Linking at: WLW and WW

Better Than a Magazine: Sight

Everybody has seen them, the articles claiming to have the 5 secrets to drive your mate wild, or seven kinky ideas to change your sex life.  Truthfully, they don’t ever pique our interest because we are not convinced they are going to tell us anything we don’t already know or that we couldn’t come up with by using a little creativity.  Therefore, we are going to let you in on one of the secrets to great sex.  It is something you have known for years.  You ready?  Use your 5 senses.

Seems simple enough but for some reason taking time to think through how to engage all your senses in love making can produce some heart pounding results.

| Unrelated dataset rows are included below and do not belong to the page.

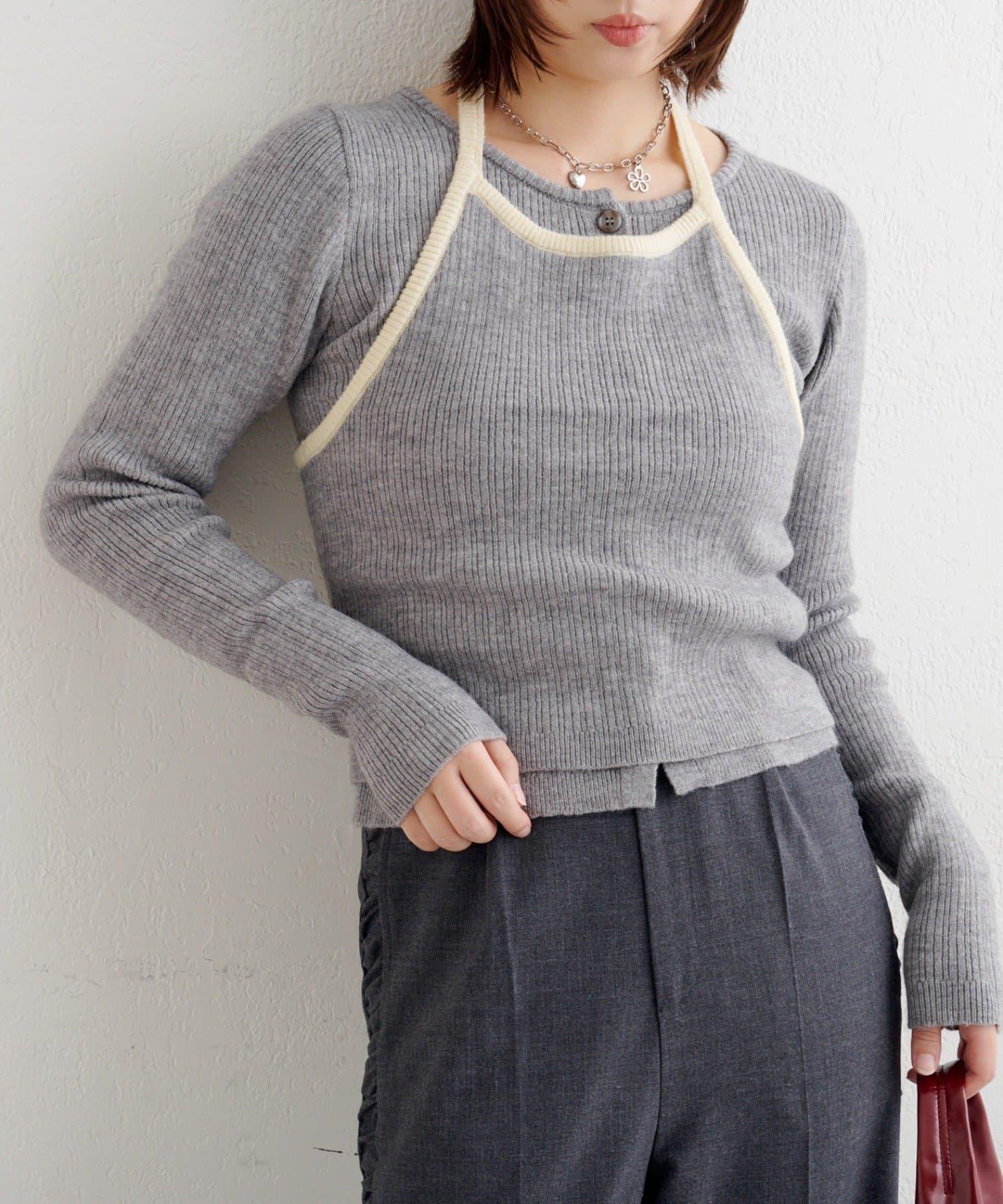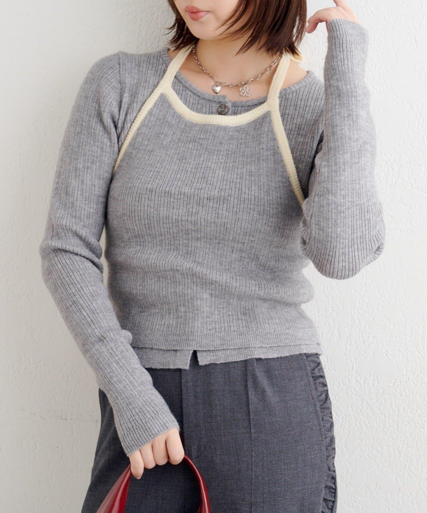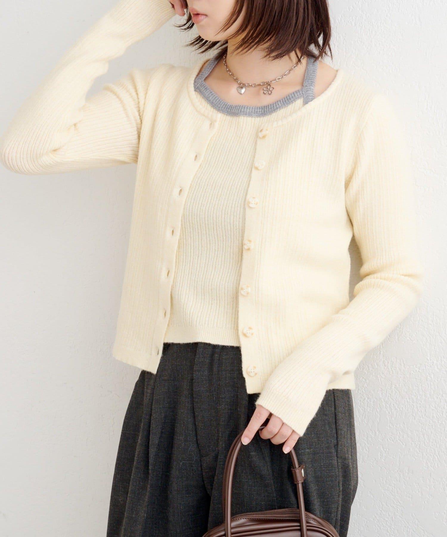 由細密羅紋面料的小巧針織衫和露肩吊帶衫組成的兩件套,只需穿上它就能讓層次感更強。
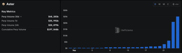Децентралізована біржа Aster випередила Hyperliquid за добовим обсягом торгів. За даними DeFi Llama, за останні 24 години показник платформи досяг $20,8 млрд проти $9,7 млрд у конкурента.
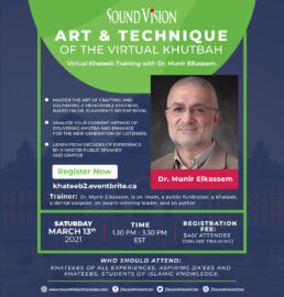 Learn “The Art and Technique of the Virtual Khutbah” as written by Dr Elkassem in his book Analyze your current method of delivering Khutba and enhance it for the 21st century audience…

Before we continue, we’d like to let you know that men and women will respond differently with their senses.  For example, women may not find “sight” very helpful during lovemaking, while men may respond better to what they see.  Knowing how to respond appropriately to your mate’s 5 senses is key.  With that said, here are a few pointers to ensure you’re using the sense of sight effectively.

Clothing: It’s true that most married couples just want to “get to it”.  Foreplay isn’t frequent and some lengthy research has found that the typical sexual experience for couples lasts anywhere from 3-13 minutes.  But this doesn’t always have to be the case.  And our advice for women on this subject is to occasionally wear something sexy.  This will help you to stay mentally focused throughout the day (you know you can’t wait to show it to him) and just the sight of you wearing something he wasn’t expecting will help him go from 0-70 mph in seconds.  Be honest, you spend lots of money on eating out, movies, and other things throughout the year.  You owe it to your marriage to spend some cash on a couple of sexy outfits a year.  Men you can find out what “look” turns your wife on so you can wear (or not wear) to her liking.

Lighting: This is one area of the sexual experience that’s extremely important.  Lights on?  Lights off?  Dim light?  How dim?  One of you may have one preference while the other may have a completely different one.  Therefore you ought to take turns with your preference, or find a middle ground you both agree on.

Clutter:  Does your bedroom have dirty laundry lying around, or other stuff that should be placed somewhere else?  Remove all unnecessary clutter and distractions from your bedroom and make it an environment that looks appealing for sex.  Staying mentally focused and keeping our eyes right where they should be is a definite plus.